Keywords: Endoplasmic reticulum storage disease, fibrinogen, fibrinogen gamma chain, hepatocyte intracytoplasmic inclusions, hypofibrinogenemia

How to cite this article:
Al-Hussaini A, Altalhi A, El Hag I, AlHussaini H, Francalanci P, Giovannoni I, Callea F. Hepatic fibrinogen storage disease due to the fibrinogen γ375 Arg → Trp mutation "fibrinogen aguadilla" is present in Arabs. Saudi J Gastroenterol 2014;20:255-61

How to cite this URL:
Al-Hussaini A, Altalhi A, El Hag I, AlHussaini H, Francalanci P, Giovannoni I, Callea F. Hepatic fibrinogen storage disease due to the fibrinogen γ375 Arg → Trp mutation "fibrinogen aguadilla" is present in Arabs. Saudi J Gastroenterol [serial online] 2014 [cited 2022 Sep 30];20:255-61. Available from:

Fibrinogen is a high-molecular-weight plasma protein synthesized exclusively in the liver. The circulating molecule is a dimer, with each half comprising three polypeptide chains (Aα, Bβ, and γ) encoded by three different genes. [1] Numerous missense mutations in the three fibrinogen genes have been reported, leading to hypofibrinogenemia, afibrinogenemia, or dysfibrinogenemia.
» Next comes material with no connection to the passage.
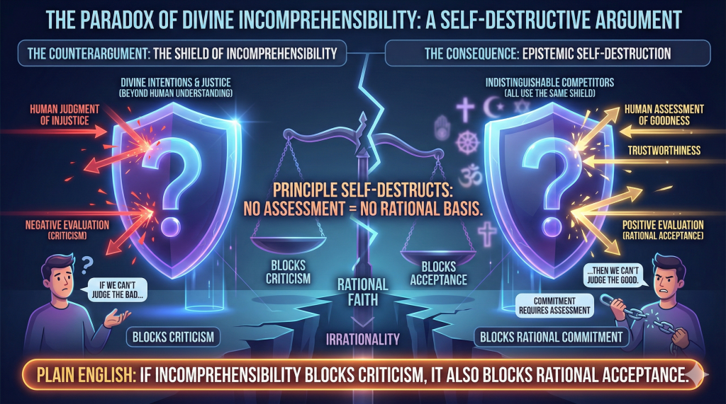 This argument self-destructs epistemically. If humans cannot evaluate whether a deity is just, then humans cannot evaluate whether a deity is trustworthy, good, coherent, or worthy of worship. This makes Christianity indistinguishable from all other competing religions; each could invoke exactly the same shield of incomprehensibility. A principle that blocks negative evaluation also blocks positive evaluation. One cannot rationally commit to a being whose actions cannot be assessed, because commitment itself requires assessment.

The clinical consequences reported for these genetic defects include bleeding, thrombosis, and renal amyloidosis, but no liver disease. [2] In the last decade, a novel subgroup of fibrinogen disorders has emerged in which mutations in the fibrinogen γ-chain gene (FGG) result in inherited hypofibrinogenemia with storage of fibrinogen in the rough endoplasmic reticulum (RER) of hepatocytes, leading to liver disease of variable severity in both children and adults. [3],[4],[5],[6] Mutations in FGG have been confirmed in families from Europe, the United States, and Japan, [3],[4],[5],[6],[7],[8],[9] but no such genetic abnormalities have been identified in Arabs.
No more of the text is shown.